Is there more error in the NCDS? • Three-day week. No difference between β for incomes measured during and after three-day week. • Income distributions are compared with FES for relevant years, nothing obvious. • The relative size of beta and r indicate no measurement problem. • No evidence of more variance in residual income in first cohort. • Erikson and Goldthorpe (2009) notice that fathers’ social class explains less of the variation in family income in the 1958 cohort. G&E find 9% v 22%. • There is evidence of a similar pattern from the GHS in these years.
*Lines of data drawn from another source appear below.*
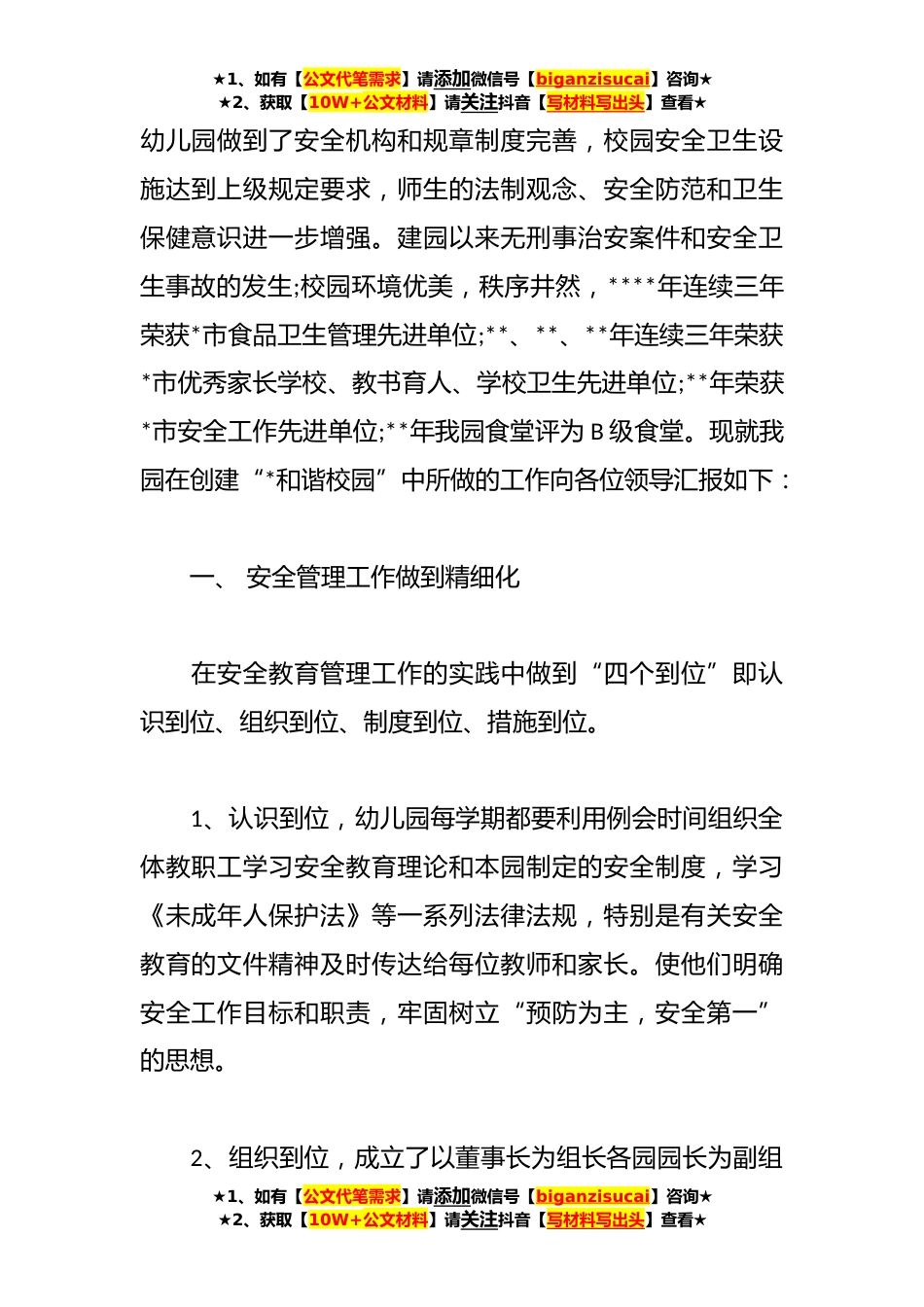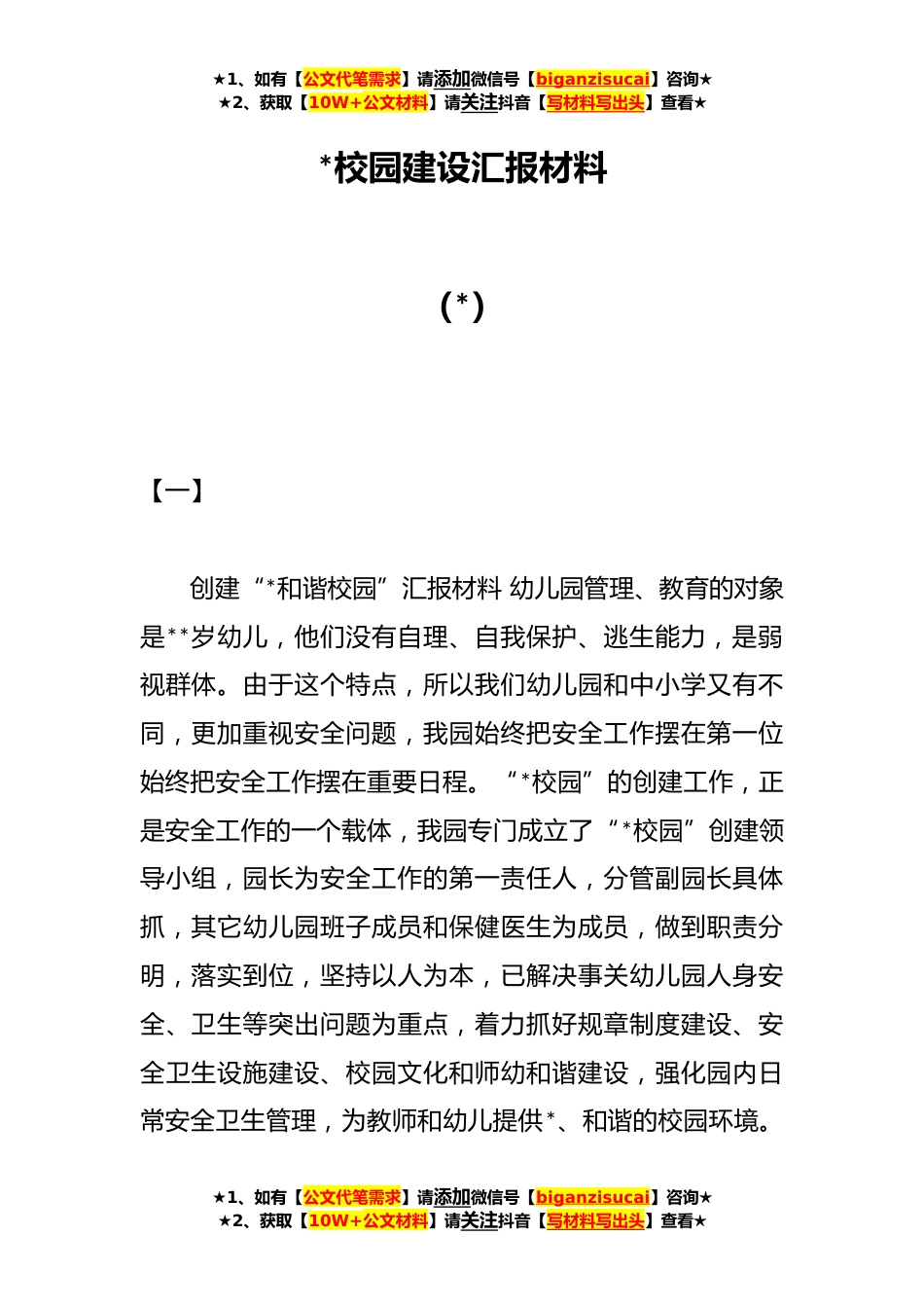 ★1、如有【公文代笔需求】请添加微信号【biganzisucai】咨询★★2、获取【10W+公文材料】请关注抖音【写材料写出头】查看★*校园建设汇报材料(*)【一】创建“*和谐校园”汇报材料幼儿园管理、教育的对象是**岁幼儿,他们没有自理、自我保护、逃生能力,是弱视群体。由于这个特点,所以我们幼儿园和中小学又有不同,更加重视安全问题,我园始终把安全工作摆在第一位始终把安全工作摆在重要日程。“*校园”的创建工作,正是安全工作的一个载体,我园专门成立了“*校园”创建领导小组,园长为安全工作的第一责任人,分管副园长具体抓,其它幼儿园班子成员和保健医生为成员,做到职责分明,落实到位,坚持以人为本,已解决事关幼儿园人身安全、卫生等突出问题为重点,着力抓好规章制度建设、安全卫生设施建设、校园...
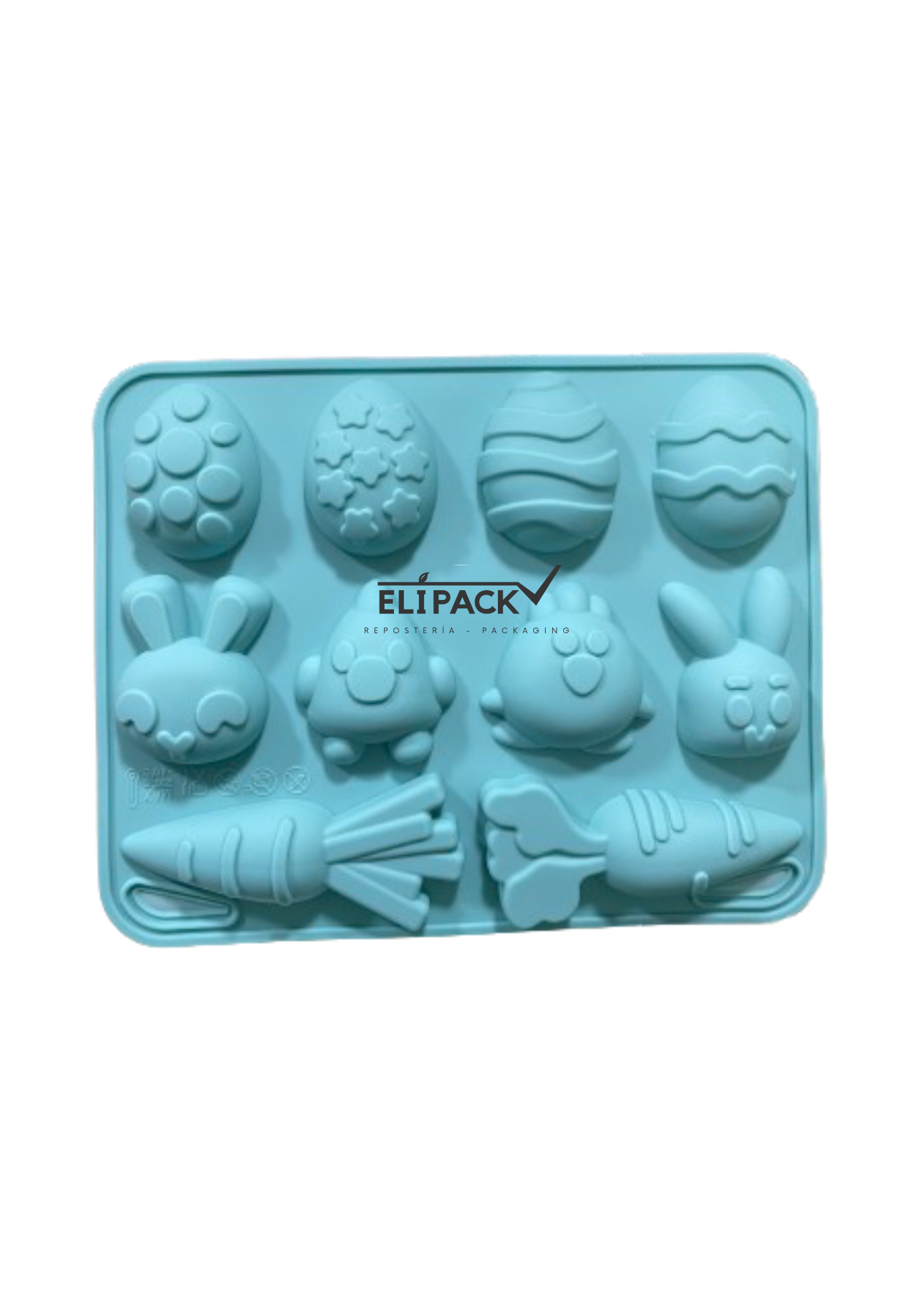 Molde de silicona con diseños de pascua, libre de BPA (No tóxico), máx. de temperatura 240° a -60°, puede ser usado para horno o congelador, ideal para realizar repostería o manualidades.
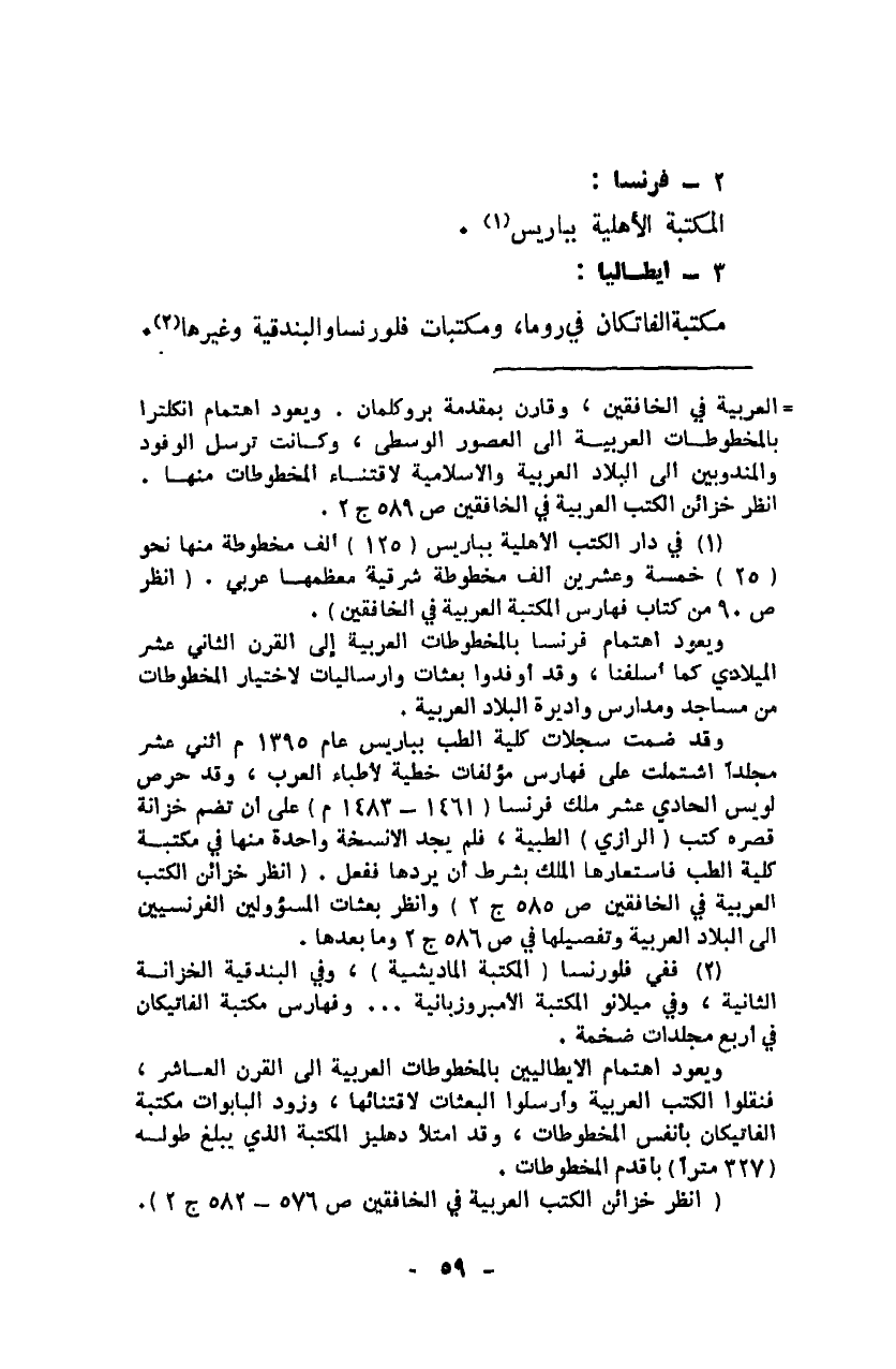 1 في دار الكتب الأهلية بباريس 125 ألف مخطوطة منها نحو 25 خمسة وعشرين ألف مخطوطة شرقية معظمها عربي. انظر ص 90 من كتاب فهارس المكتبة العربية في الخافقين.
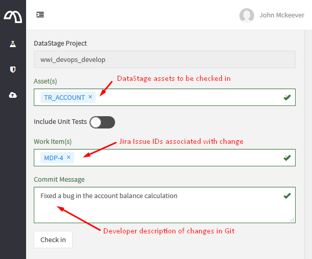 MettleCI Workbench is an on premise, web based application which allows DataStage developers commit their changes to Git/Bitbucket and to leverage modern development practices. When a DataStage developer initiates a Git commit via MettleCI Workbench, they are presented with the following screen that allows them to select the DataStage assets to commit, associate one or more Jira Issue IDs and add a brief description of the change:
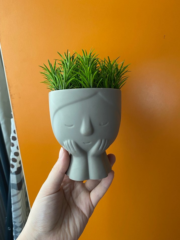Ellerini yanağında dinlendiren huzurlu yüz figürlü gri saksı, küçük yeşil bitkiyle birlikte.
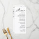 Dessa moderna menyer i snyggt bröllop är lätta att anpassa! De har topografi i eleganten, "Menu" i rent svart, samt en flock fåglar på baksidan.
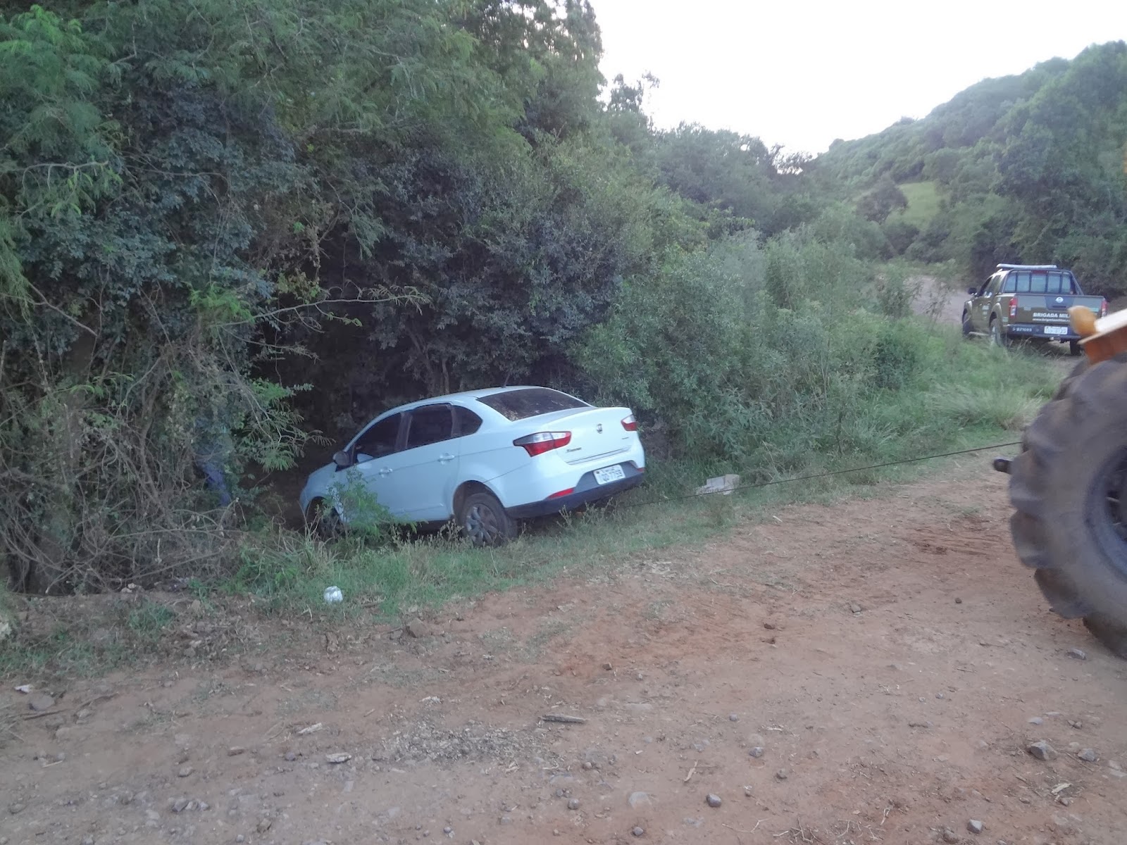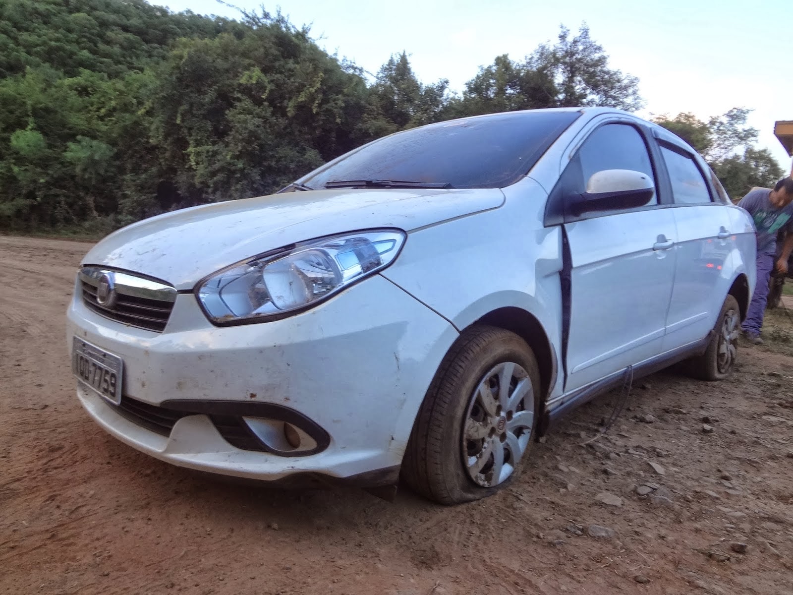 A Brigada encontrou na tarde de segunda um carro abandonado na estrada da Porteira do Toroquá. O Siena branco, com placas de Porto Alegre, estava com os pneus furados, lataria amassada e parabrisa quebrado. A suspeita é que esteja envolvido na ocorrência de contrabando de cigarros, registrada pela Polícia Rodoviária na tarde de domingo.
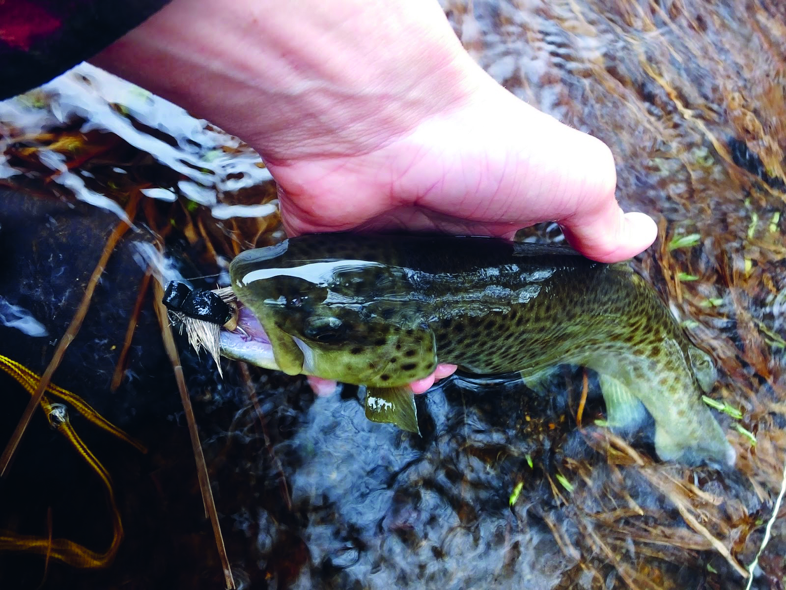 In the days following a stocking, the fish are often aggressive enough to violently strike a topwater fly cast straight upstream and stripped fast. It’s thrilling to have a large brook trout leap clear out of the water to take a fast-moving mouse or gurgler.
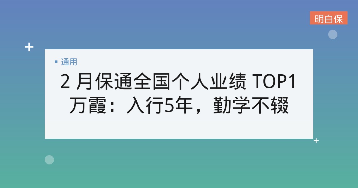 2 月保通全国个人业绩 TOP1万霞:入行5年,勤学不辍 万霞,来自保通重庆分公司,2023 年 2 月全国个人业绩 TOP1,当月业绩高达 1,040,081 。在如此惊人的成... 📅 2026-01-18 👁 19

Changes in transitory income? • In a previous paper we showed that transitory error in men’s earnings had declined. • If this was also true for family income then it could explain some of the change in persistence. • However, we don’t know that it is. • The persistence of the within-class component of income has also expanded, implying that class may have become a poorer measure of permanent income. • The jury’s out on this question, the impact of transitory variation is less clear-cut than is proposed by E&G.
Conclusions • Decomposing the intergenerational persistence of income shows clearly that the increase in persistence between cohorts is not entirely due to differential measurement error. • Under reasonable assumptions all of the change can be shown to be a consequence of increased persistence of within group inequality. • E&G say “in any event, it would appear that the class mobility regime more fully captures the continuity in economic advantage and disadvantage that persists across generations.” • We disagree, social class explains a very small amount of the variation in permanent income, and will be worse as families increasingly differ from the breadwinner model.
Other quotes • E& G - class position would appear to be a better proxy than at least the one-shot measures of current income that Blanden et el. have to use for the concept of ‘economic status’. • BUT E&D produce no real evidence for this. • Because social class fluidity does not change much ‘it would appear more relevant if it were on class mobility rather than income mobility that the long-running political debate should focus’ • This does not seem to be a good argument.